| HN Mirror

> What I found was "How to throw away data that doesn't support your desired conclusions," for the most part.

What exactly are you referring to here? This seems like a wildly misguided characterization of statistics, which I am sure cannot be based in expertise or practical applied experience.

> We're building "AI" right now but think about the inputs those see: The very first step is to throw away the statistically too common "stop words"

This is a fundamental misunderstanding of what a "stopword" is and how it's used.

Words like "the" are hard to utilize within with a bag-of-words model specifically. Removing them is not something people do/did because they are clueless monkeys. The goal is to improve the signal-to-noise ratio.

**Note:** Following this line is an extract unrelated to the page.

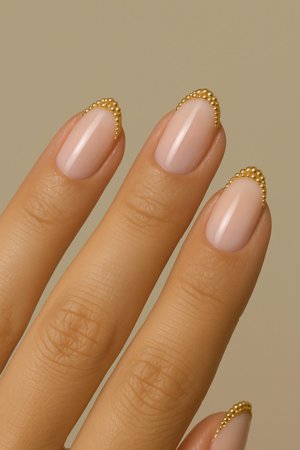 Luego se colocan cuentas doradas pequeñas (tipo joyería de uñas) con gel especial.

For example, traditionally spam filtering uses a very crude variety of bag-of-words model called "Naive Bayes", in which we assume (wrongly of course) that word choice is completely random, and that the only difference between spam and not spam is that random distribution of words. Are you really going to argue that the word "the" is critical to that process? If you can build a better NB spam filter by including stop words, by all means go ahead and do it. But both linguistics and decades of success in the field are against you.

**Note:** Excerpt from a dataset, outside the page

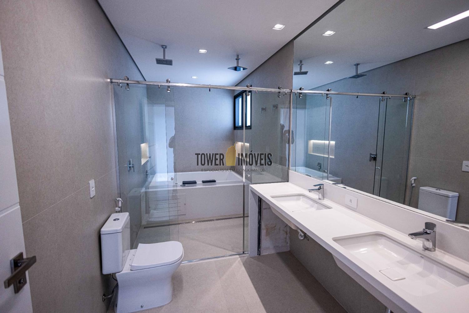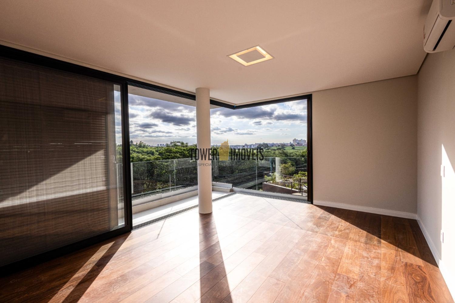 No piso térreo, um elegante hall de entrada conduz a 4 suítes espaçosas, cuidadosamente distribuídas para garantir privacidade e conforto. A suíte master é um verdadeiro refúgio, com cuba e chuveiros duplos, além de uma relaxante banheira de hidromassagem. O pavimento conta ainda com roupeiro e garagem para até 4 veículos.

On the other hand, words with grammatical function like "the" are absolutely important and relevant to the overall structure and meaning of a document. Therefore, training pipelines for modern deep-learning-based LLMs like GPT don't remove stop words (as far as I know at least), because the whole idea of a stopword doesn't make sense in a model like that.

I want to be respectful here, but it sounds like you took a cursory look through three vast literatures, without the perspective of having actually used any of this stuff in real life, and drew some invalid conclusions.